Task description: Only one stretch of the data below is wanted: the lines starting at the one with "21 21 26 278" and ending at the one with "Sandali GRUNLAND numero", both included, given again exactly.

Supplied records:
☆ ☆ ☆ ☆ ☆ ☆ ☆
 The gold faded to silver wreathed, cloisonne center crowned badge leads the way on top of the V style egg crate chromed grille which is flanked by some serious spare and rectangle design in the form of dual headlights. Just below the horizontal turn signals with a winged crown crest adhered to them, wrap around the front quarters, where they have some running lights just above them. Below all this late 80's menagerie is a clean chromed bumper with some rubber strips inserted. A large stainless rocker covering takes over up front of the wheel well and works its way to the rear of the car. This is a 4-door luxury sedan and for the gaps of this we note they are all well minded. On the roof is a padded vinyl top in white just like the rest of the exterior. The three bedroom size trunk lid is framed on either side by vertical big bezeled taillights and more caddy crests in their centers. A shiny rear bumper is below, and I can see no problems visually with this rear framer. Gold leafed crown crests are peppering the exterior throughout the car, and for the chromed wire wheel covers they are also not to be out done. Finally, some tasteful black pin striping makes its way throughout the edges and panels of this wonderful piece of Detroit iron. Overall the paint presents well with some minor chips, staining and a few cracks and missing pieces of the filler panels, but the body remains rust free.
☆ ☆ ☆ ☆ ☆ ☆ ☆
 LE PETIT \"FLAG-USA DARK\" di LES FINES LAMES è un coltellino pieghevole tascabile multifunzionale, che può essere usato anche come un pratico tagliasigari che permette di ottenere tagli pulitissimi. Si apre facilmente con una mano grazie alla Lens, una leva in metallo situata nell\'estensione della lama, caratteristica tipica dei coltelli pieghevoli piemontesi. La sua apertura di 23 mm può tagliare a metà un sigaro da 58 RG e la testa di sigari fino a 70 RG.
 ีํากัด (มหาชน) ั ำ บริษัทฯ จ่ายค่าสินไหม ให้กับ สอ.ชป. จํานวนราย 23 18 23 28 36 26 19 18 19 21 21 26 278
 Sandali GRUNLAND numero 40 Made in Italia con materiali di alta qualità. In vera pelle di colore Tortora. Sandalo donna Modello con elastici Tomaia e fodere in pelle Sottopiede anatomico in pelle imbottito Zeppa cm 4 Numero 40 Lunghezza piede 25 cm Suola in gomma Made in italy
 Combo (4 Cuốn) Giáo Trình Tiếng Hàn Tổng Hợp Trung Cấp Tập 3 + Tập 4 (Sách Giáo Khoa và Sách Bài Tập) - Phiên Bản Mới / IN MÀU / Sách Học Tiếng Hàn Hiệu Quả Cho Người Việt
☆ ☆ ☆ ☆ ☆ ☆ ☆
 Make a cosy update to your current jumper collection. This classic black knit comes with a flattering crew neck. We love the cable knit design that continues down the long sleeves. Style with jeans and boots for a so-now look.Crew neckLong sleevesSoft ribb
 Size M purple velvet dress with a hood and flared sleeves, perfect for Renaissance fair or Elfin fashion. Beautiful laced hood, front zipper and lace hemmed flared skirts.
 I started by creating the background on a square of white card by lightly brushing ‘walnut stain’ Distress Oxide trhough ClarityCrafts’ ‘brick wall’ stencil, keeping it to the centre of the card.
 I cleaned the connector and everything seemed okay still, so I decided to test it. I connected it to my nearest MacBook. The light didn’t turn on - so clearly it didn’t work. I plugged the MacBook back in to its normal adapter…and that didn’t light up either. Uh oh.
☆ ☆ ☆ ☆ ☆ ☆ ☆
Response:
 ีํากัด (มหาชน) ั ำ บริษัทฯ จ่ายค่าสินไหม ให้กับ สอ.ชป. จํานวนราย 23 18 23 28 36 26 19 18 19 21 21 26 278
 Sandali GRUNLAND numero 40 Made in Italia con materiali di alta qualità. In vera pelle di colore Tortora. Sandalo donna Modello con elastici Tomaia e fodere in pelle Sottopiede anatomico in pelle imbottito Zeppa cm 4 Numero 40 Lunghezza piede 25 cm Suola in gomma Made in italy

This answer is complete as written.